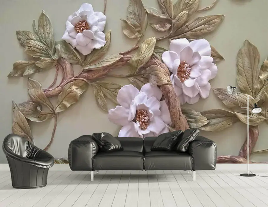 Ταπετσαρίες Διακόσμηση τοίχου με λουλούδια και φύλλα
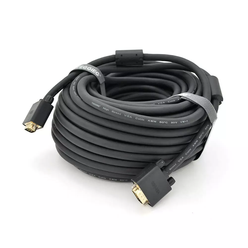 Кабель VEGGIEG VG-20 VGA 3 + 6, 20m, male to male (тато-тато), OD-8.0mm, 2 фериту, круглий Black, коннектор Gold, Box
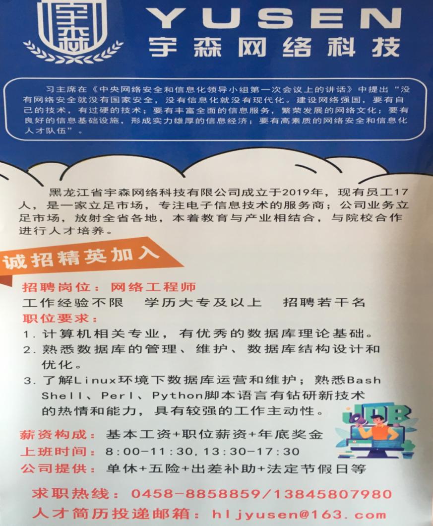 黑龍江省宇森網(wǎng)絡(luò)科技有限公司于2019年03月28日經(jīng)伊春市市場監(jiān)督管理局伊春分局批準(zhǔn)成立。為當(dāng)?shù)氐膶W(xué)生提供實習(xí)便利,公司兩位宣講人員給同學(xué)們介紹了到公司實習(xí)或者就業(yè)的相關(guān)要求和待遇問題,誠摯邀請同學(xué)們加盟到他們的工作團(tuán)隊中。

+ + + + +

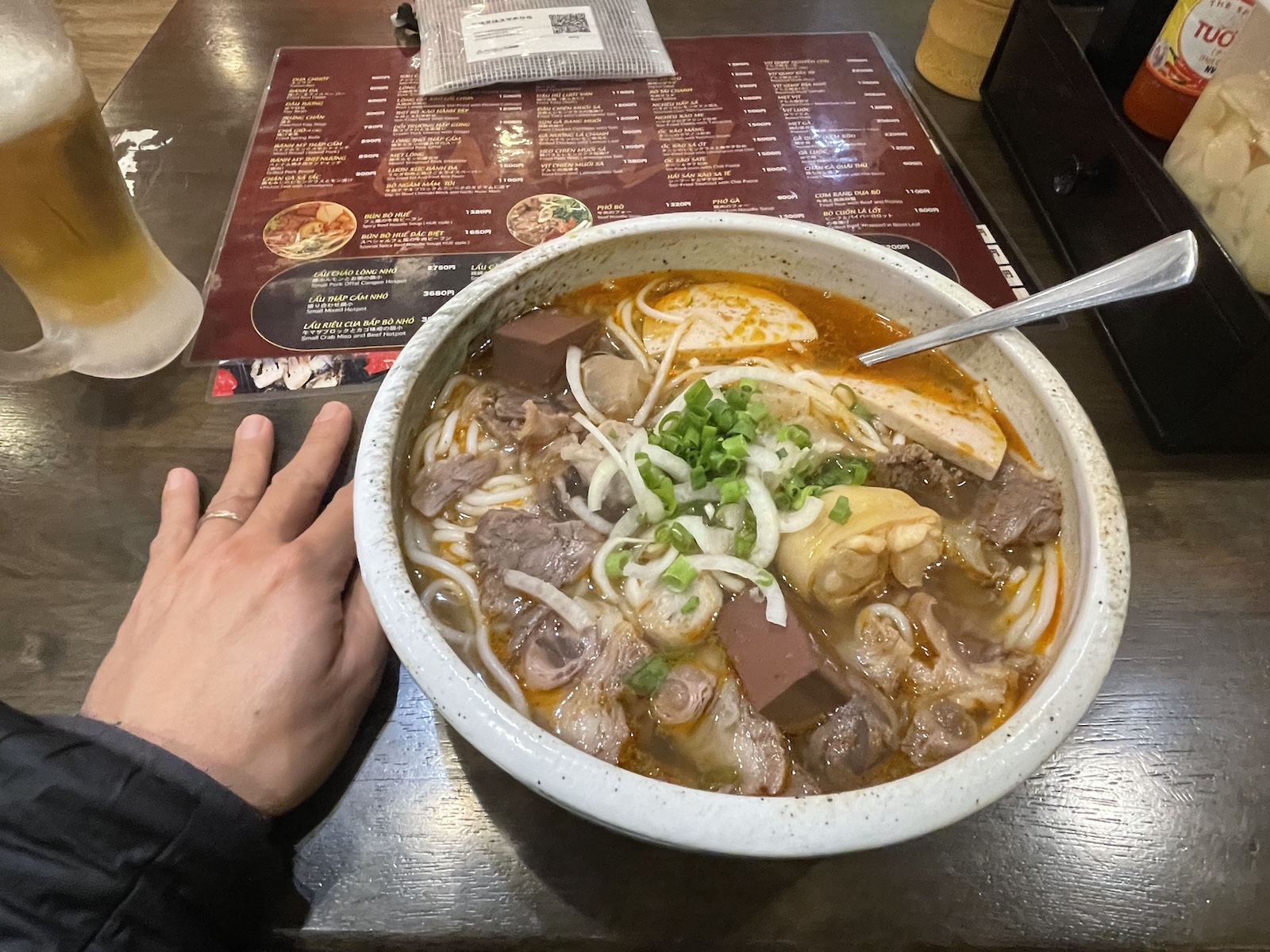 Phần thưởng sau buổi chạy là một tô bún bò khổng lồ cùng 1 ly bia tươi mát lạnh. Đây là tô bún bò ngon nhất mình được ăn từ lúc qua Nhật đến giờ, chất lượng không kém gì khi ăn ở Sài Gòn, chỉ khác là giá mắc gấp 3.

+ + + + +

Assigned task
Using the data above, return the lines from the one holding "Ταπετσαρίες Διακόσμηση τοίχου" through the one holding "黑龍江省宇森網(wǎng)絡" exactly, but not the pictures.

Expected answer
 Ταπετσαρίες Διακόσμηση τοίχου με λουλούδια και φύλλα
 Кабель VEGGIEG VG-20 VGA 3 + 6, 20m, male to male (тато-тато), OD-8.0mm, 2 фериту, круглий Black, коннектор Gold, Box
 黑龍江省宇森網(wǎng)絡(luò)科技有限公司于2019年03月28日經(jīng)伊春市市場監(jiān)督管理局伊春分局批準(zhǔn)成立。為當(dāng)?shù)氐膶W(xué)生提供實習(xí)便利,公司兩位宣講人員給同學(xué)們介紹了到公司實習(xí)或者就業(yè)的相關(guān)要求和待遇問題,誠摯邀請同學(xué)們加盟到他們的工作團(tuán)隊中。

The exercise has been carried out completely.